### YOUR OBJECTIVE
Starting at the line that holds "1 Chronicles 16:17", restate every line word for word up to and including the last one in the listing below, and omit all pictures.
START DATA SHOWN
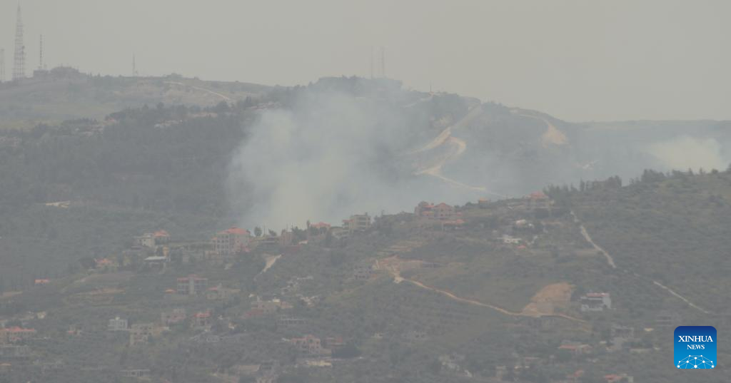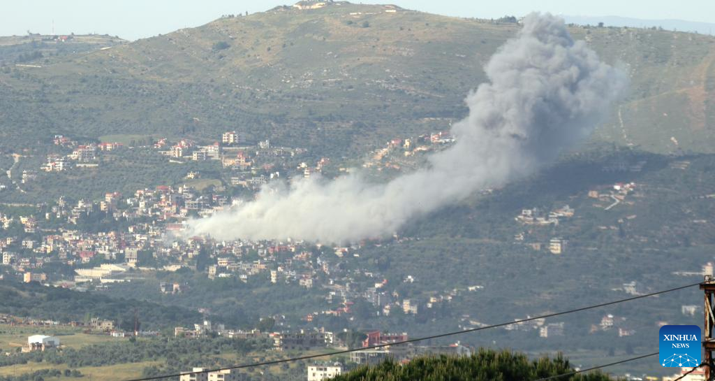 The smoke caused by an Israeli strike rises in Kafr Kila, Lebanon, May 10, 2024. A member of the Lebanese armed group Hezbollah was killed and a civilian wounded on Friday at dawn in an Israeli raid targeting the southeastern Lebanese village of Kafr Kila, Lebanese military sources told Xinhua.
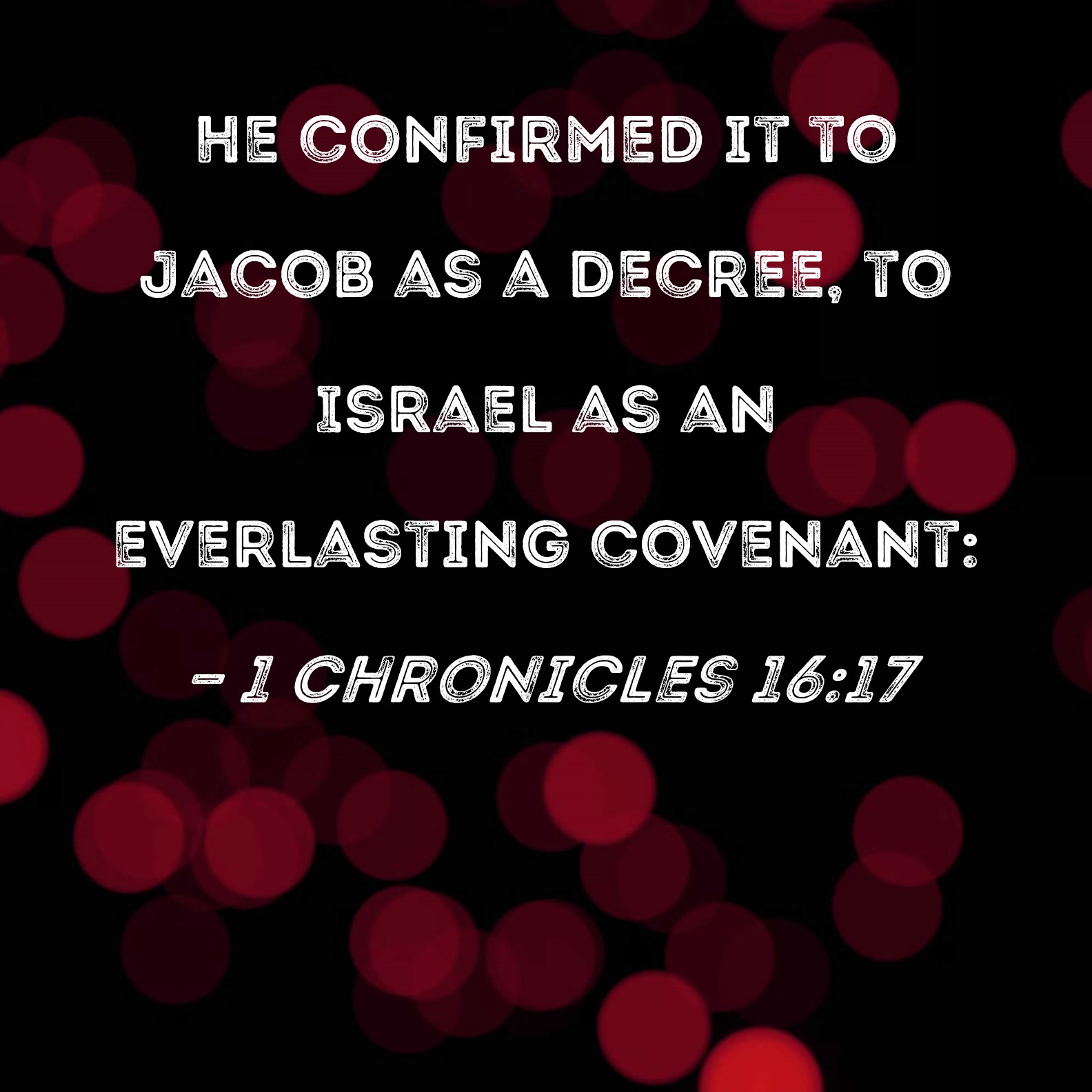 1 Chronicles 16:17 He confirmed it to Jacob as a decree, to Israel as an everlasting covenant:
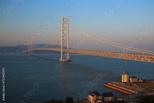Obraz premium 明石海峡大橋、明石海峡を横断し本州と淡路島を結ぶ、全長3,911m、世界最長の吊り橋。パールブリッジの愛称を持つ
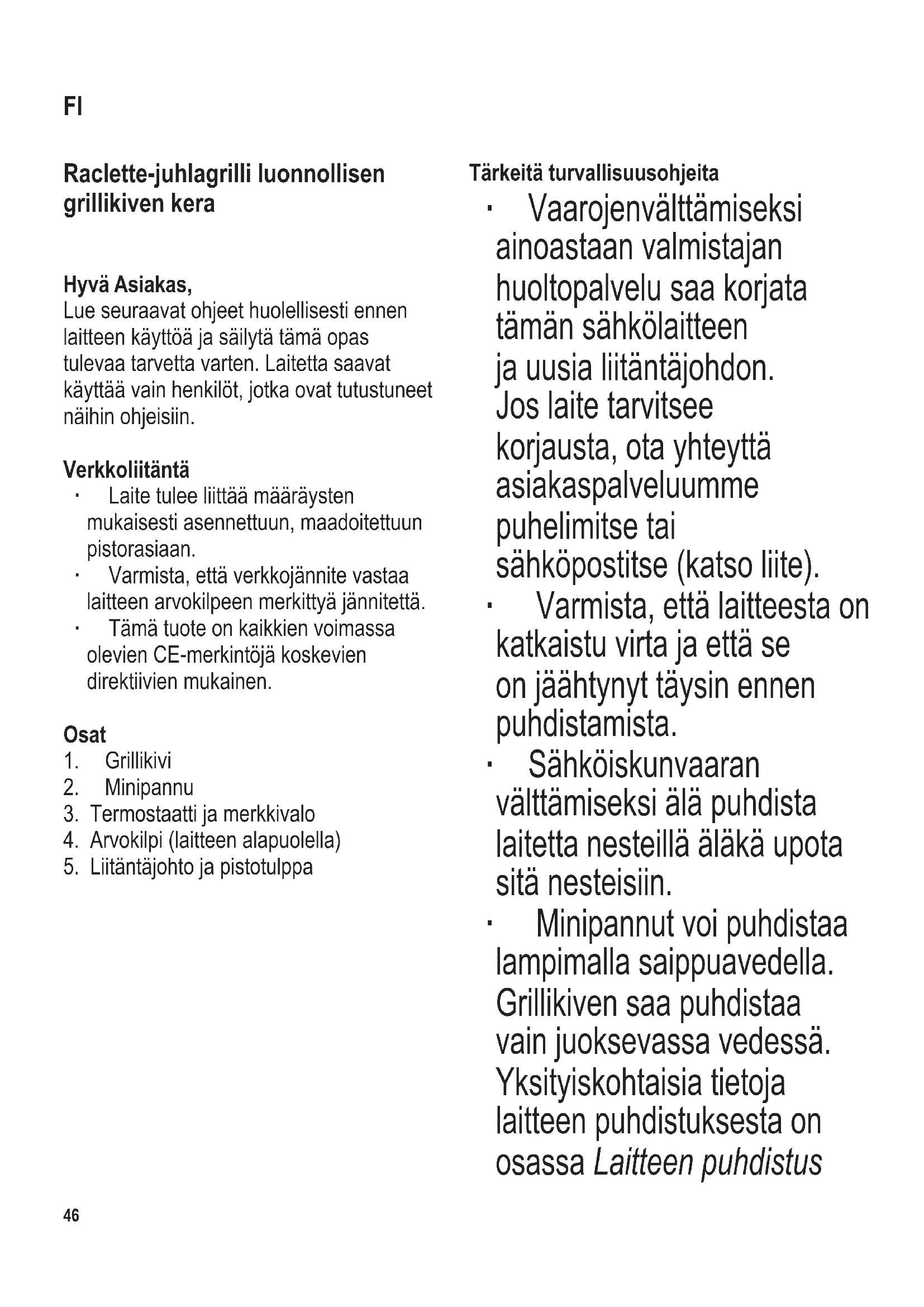 Tärkeitä turvallisuusohjeita ∙ Vaarojen välttämiseksi ainoastaan valmistajan huoltopalvelu saa korjata tämän sähkölaitteen ja uusia liitäntäjohdon. Jos laite tarvitsee korjausta, ota yhteyttä asiakaspalveluumme puhelimitse tai sähköpostitse (katso liite). ∙ Varmista, että laitteesta on katkaistu virta ja että se on jäähtynyt täysin ennen puhdistamista. ∙ Sähköiskun vaaran välttämiseksi älä puhdista laitetta nesteillä äläkä upota sitä nesteisiin. ∙ Minipannut voi puhdistaa lampimalla saippuavedella. Grillikiven saa puhdistaa vain juoksevassa vedessä. Yksityiskohtaisia tietoja laitteen puhdistuksesta on osassa Laitteen puhdistus FI104 x 142 mm
END DATA SHOWN
### ANSWER TO THE EXERCISE
 1 Chronicles 16:17 He confirmed it to Jacob as a decree, to Israel as an everlasting covenant:
Obraz premium 明石海峡大橋、明石海峡を横断し本州と淡路島を結ぶ、全長3,911m、世界最長の吊り橋。パールブリッジの愛称を持つ
 Tärkeitä turvallisuusohjeita ∙ Vaarojen välttämiseksi ainoastaan valmistajan huoltopalvelu saa korjata tämän sähkölaitteen ja uusia liitäntäjohdon. Jos laite tarvitsee korjausta, ota yhteyttä asiakaspalveluumme puhelimitse tai sähköpostitse (katso liite). ∙ Varmista, että laitteesta on katkaistu virta ja että se on jäähtynyt täysin ennen puhdistamista. ∙ Sähköiskun vaaran välttämiseksi älä puhdista laitetta nesteillä äläkä upota sitä nesteisiin. ∙ Minipannut voi puhdistaa lampimalla saippuavedella. Grillikiven saa puhdistaa vain juoksevassa vedessä. Yksityiskohtaisia tietoja laitteen puhdistuksesta on osassa Laitteen puhdistus FI104 x 142 mm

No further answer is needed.